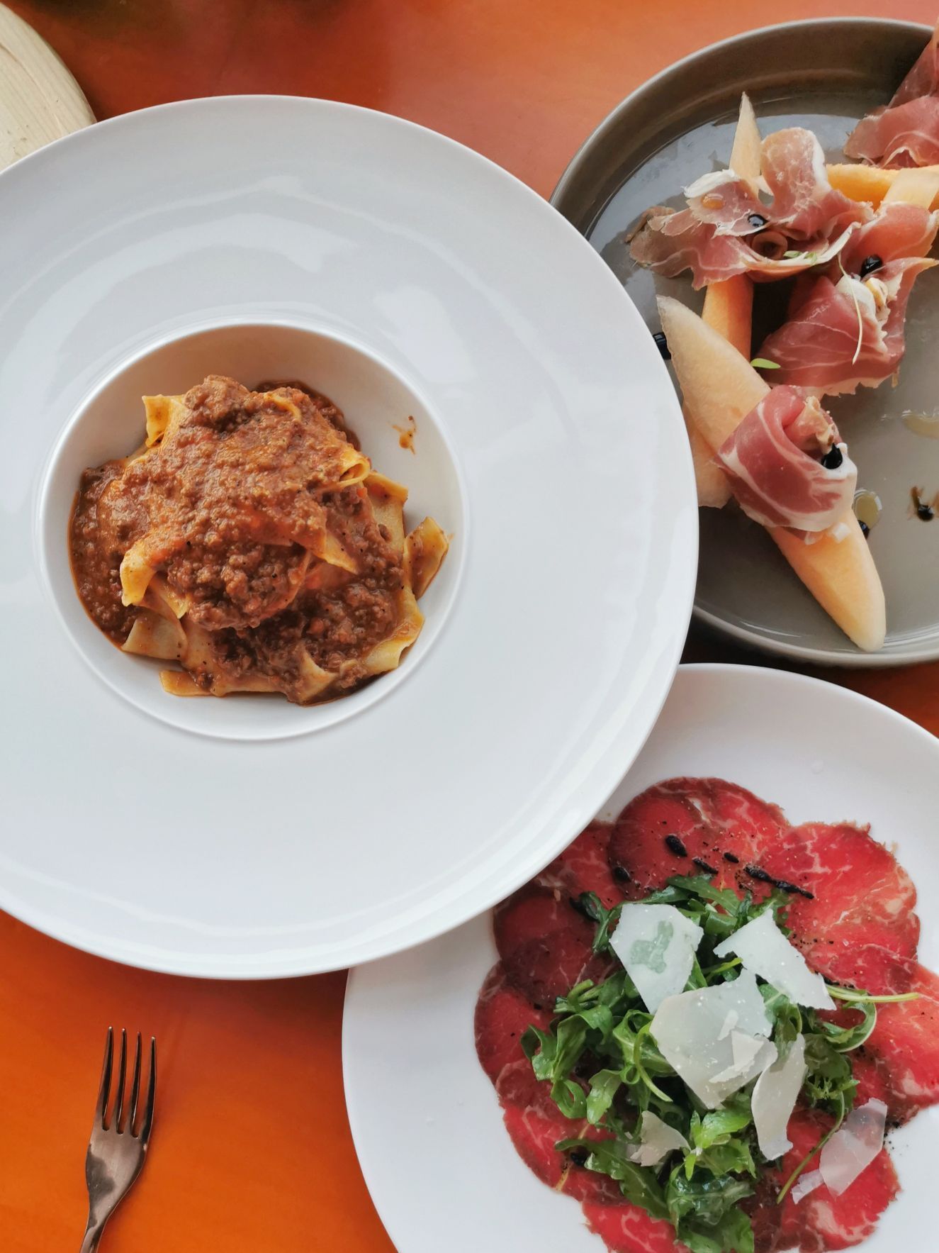 最近很想吃意大利菜,正好约了朋友在浦东,找了好久找到这家餐厅,看着食物正宗价格又合理,果然没有失望 环境很好,人不算多,服务也很周到 菜和酒都很好喝,喝了一杯rojia,推荐: 餐前面包:很有特色,松软,直接蘸橄榄油吃感觉非常意式了 米兰主厨特色烩饭配牛骨髓:有特色 番茄肉酱配宽面:简单的一道菜,考验水准,面口感劲道也很挂汁 海鲈鱼:烤得鲜嫩,配上茄子番茄酱口感不错 两个人要撑死了,不过吃的很爽哈哈哈
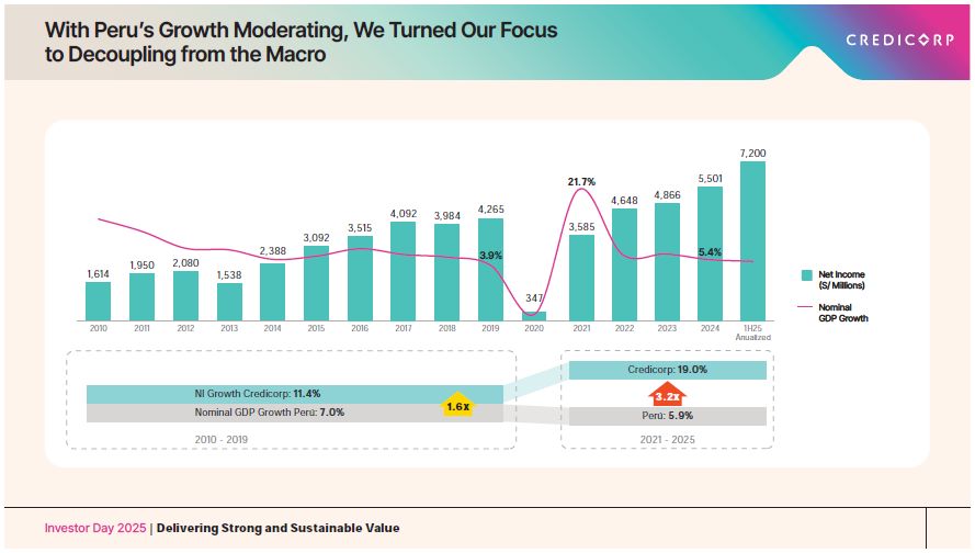 With Peruʼs Growth Moderating, We Turned Our Focus to Decoupling from the Macro  Net Income (S/ Millions)  Nominal GDP Growth  1,614  1,950  2,080  1,538  3,092  3,515  4,092  3,984  4,265  4,648  4,866  5,501  2010  2011  2012  2013  2014  2016  2017  347  2,388  2024  1H25  Anualized  2023  2022  2021  3,585  2015  2020  2019  2018  7,200  NI Growth Credicorp: 11.4%  Nominal GDP Growth Perú: 7.0%  Credicorp: 19.0%  Perú: 5.9%  2010 - 2019  3.2x  1.6x  21.7%  Investor Day 2025 | Delivering Strong and Sustainable Value  3.9%  5.4%  2021 - 2025
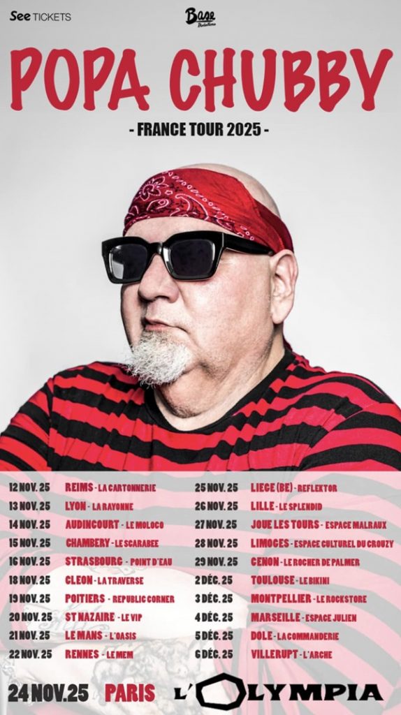 Après des problèmes de santé qui l’ont immobilisé quelques mois, le très talentueux guitariste de blues new yorkais Popa Chubby a repris récemment le chemin de la scène. Il sera en France pour une série de 20 concerts en novembre et décembre 2025.
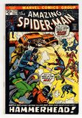 Starts Jan 26 "Gang War, Shmang War! What I Want to Know Is...Who the Heck is Hammerhead?" Part 2 of 3. Script by Gerry Conway. Art by Jim Starlin (breakdowns), John Romita (finishes), and Tony Mortellaro (backgrounds). Cover by John Romita. The wondrous wall-crawler is caught in the middle of a gang war between Doctor Octopus and Hammerhead! Spider-Man doesn't know who the new crime boss is, but he inadvertently helps him by knocking out Doc Ock! Hammerhead is so impressed that he offers the web-spinner a chance to join his organization. However, there's no way Spider-Man would accept the offer...unless it would lead to finding Aunt May! What does Hammerhead know about May Parker's whereabouts? All roads lead north to Westchester for next issue's blockbuster finale! Origin of Hammerhead. First appearance (flashback cameo) of Dr. Jonas Harrow. Cameo appearances by Aunt May, Gwen Stacy, Flash Thompson, and Professor Miles Warren. (Notes: John Romita is credited as a co-plotter. This issue was reprinted in Marvel Tales #93.) 36 pages. Cover price $0.20.
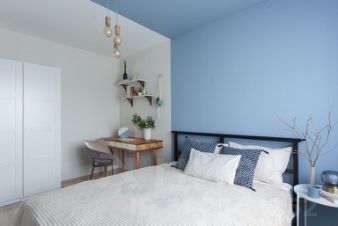 удобная кровать 180x200 см, большой телевизор 4K 49 дюймов со Smart-TV, удобный шкаф и письменный стол ручной работы.
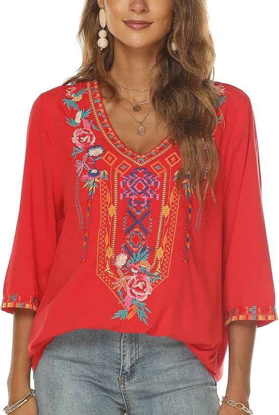 Bohemian Embroidered Tops for Women, Hippie Clothes, Mexican Peasant Blouses, Traditional Boho Clothing Tunic Shirts

■ ■ ■ ■

» Work required: Produce the data again character for character, with the images left out.

» Answer box:
 最近很想吃意大利菜,正好约了朋友在浦东,找了好久找到这家餐厅,看着食物正宗价格又合理,果然没有失望 环境很好,人不算多,服务也很周到 菜和酒都很好喝,喝了一杯rojia,推荐: 餐前面包:很有特色,松软,直接蘸橄榄油吃感觉非常意式了 米兰主厨特色烩饭配牛骨髓:有特色 番茄肉酱配宽面:简单的一道菜,考验水准,面口感劲道也很挂汁 海鲈鱼:烤得鲜嫩,配上茄子番茄酱口感不错 两个人要撑死了,不过吃的很爽哈哈哈
 With Peruʼs Growth Moderating, We Turned Our Focus to Decoupling from the Macro  Net Income (S/ Millions)  Nominal GDP Growth  1,614  1,950  2,080  1,538  3,092  3,515  4,092  3,984  4,265  4,648  4,866  5,501  2010  2011  2012  2013  2014  2016  2017  347  2,388  2024  1H25  Anualized  2023  2022  2021  3,585  2015  2020  2019  2018  7,200  NI Growth Credicorp: 11.4%  Nominal GDP Growth Perú: 7.0%  Credicorp: 19.0%  Perú: 5.9%  2010 - 2019  3.2x  1.6x  21.7%  Investor Day 2025 | Delivering Strong and Sustainable Value  3.9%  5.4%  2021 - 2025
 Après des problèmes de santé qui l’ont immobilisé quelques mois, le très talentueux guitariste de blues new yorkais Popa Chubby a repris récemment le chemin de la scène. Il sera en France pour une série de 20 concerts en novembre et décembre 2025.
 Starts Jan 26 "Gang War, Shmang War! What I Want to Know Is...Who the Heck is Hammerhead?" Part 2 of 3. Script by Gerry Conway. Art by Jim Starlin (breakdowns), John Romita (finishes), and Tony Mortellaro (backgrounds). Cover by John Romita. The wondrous wall-crawler is caught in the middle of a gang war between Doctor Octopus and Hammerhead! Spider-Man doesn't know who the new crime boss is, but he inadvertently helps him by knocking out Doc Ock! Hammerhead is so impressed that he offers the web-spinner a chance to join his organization. However, there's no way Spider-Man would accept the offer...unless it would lead to finding Aunt May! What does Hammerhead know about May Parker's whereabouts? All roads lead north to Westchester for next issue's blockbuster finale! Origin of Hammerhead. First appearance (flashback cameo) of Dr. Jonas Harrow. Cameo appearances by Aunt May, Gwen Stacy, Flash Thompson, and Professor Miles Warren. (Notes: John Romita is credited as a co-plotter. This issue was reprinted in Marvel Tales #93.) 36 pages. Cover price $0.20.
 удобная кровать 180x200 см, большой телевизор 4K 49 дюймов со Smart-TV, удобный шкаф и письменный стол ручной работы.
 Bohemian Embroidered Tops for Women, Hippie Clothes, Mexican Peasant Blouses, Traditional Boho Clothing Tunic Shirts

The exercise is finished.